EXERCISE MATERIALS:
•••••

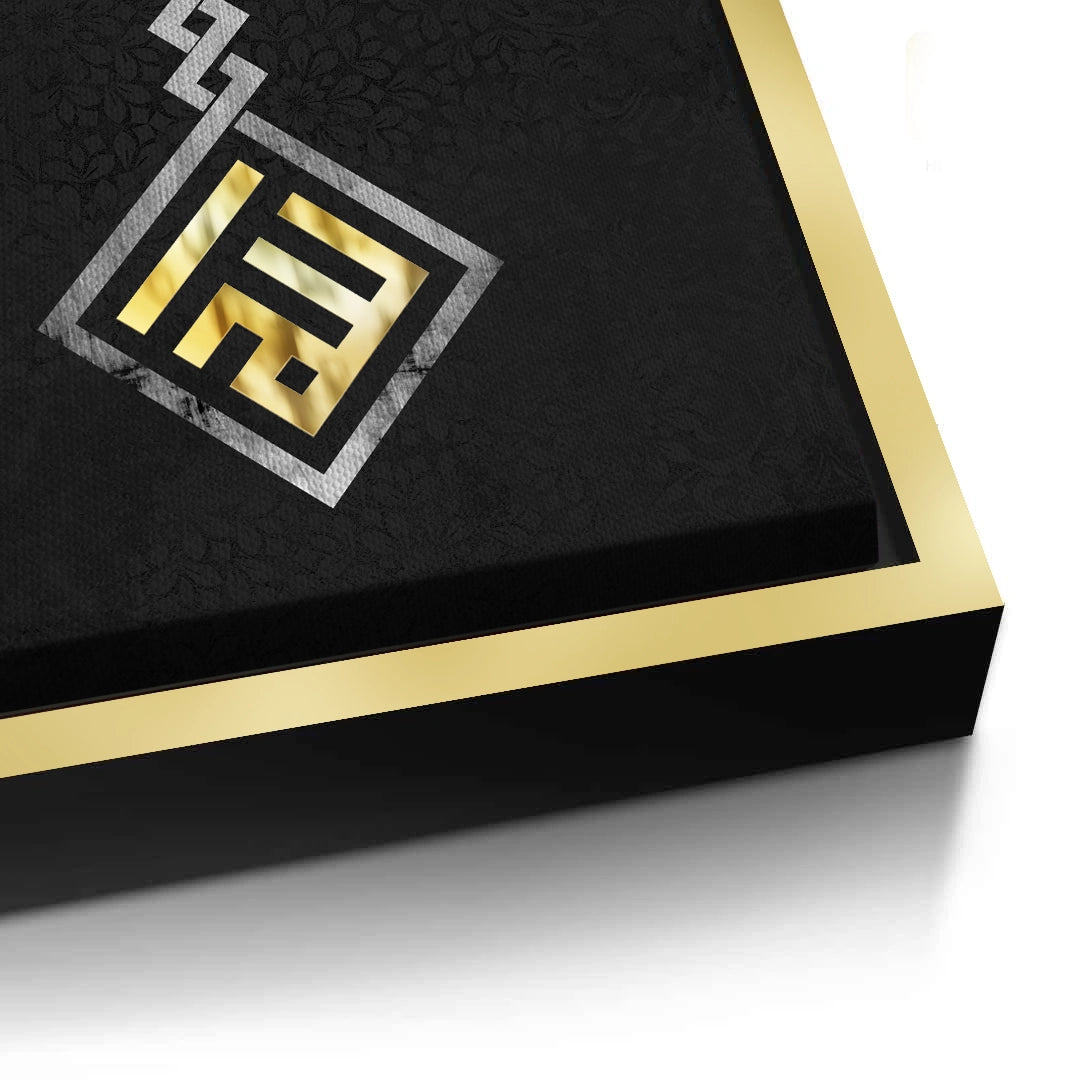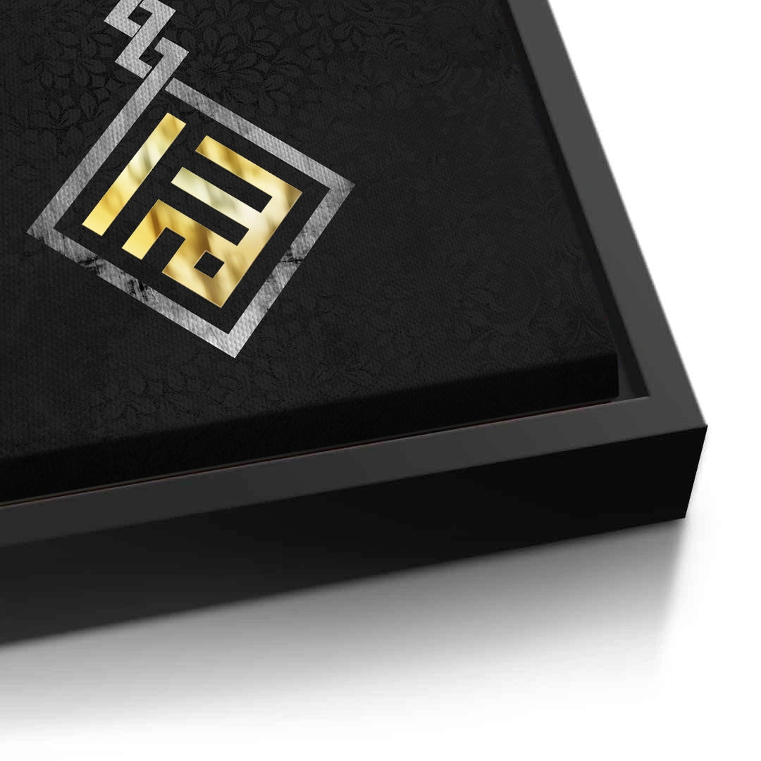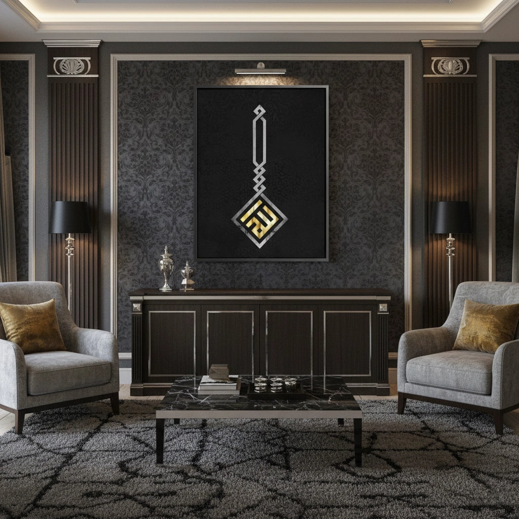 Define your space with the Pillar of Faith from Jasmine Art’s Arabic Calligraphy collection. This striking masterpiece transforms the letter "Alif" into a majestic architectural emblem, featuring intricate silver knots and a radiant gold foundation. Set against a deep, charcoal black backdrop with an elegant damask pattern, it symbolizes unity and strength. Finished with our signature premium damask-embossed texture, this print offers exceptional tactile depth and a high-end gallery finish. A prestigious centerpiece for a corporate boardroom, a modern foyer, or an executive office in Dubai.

•••••

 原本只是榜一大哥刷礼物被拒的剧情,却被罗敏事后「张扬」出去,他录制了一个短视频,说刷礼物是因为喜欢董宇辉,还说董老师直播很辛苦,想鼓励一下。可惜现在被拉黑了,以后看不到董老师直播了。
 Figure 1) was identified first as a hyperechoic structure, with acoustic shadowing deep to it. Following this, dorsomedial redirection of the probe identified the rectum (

•••••

WORK INSTRUCTIONS: Using the records above, copy word for word the line with "原本只是榜一大哥刷礼物被拒的", the line with "Figure 1) was", and every line between them.

ANSWER:
 原本只是榜一大哥刷礼物被拒的剧情,却被罗敏事后「张扬」出去,他录制了一个短视频,说刷礼物是因为喜欢董宇辉,还说董老师直播很辛苦,想鼓励一下。可惜现在被拉黑了,以后看不到董老师直播了。
 Figure 1) was identified first as a hyperechoic structure, with acoustic shadowing deep to it. Following this, dorsomedial redirection of the probe identified the rectum (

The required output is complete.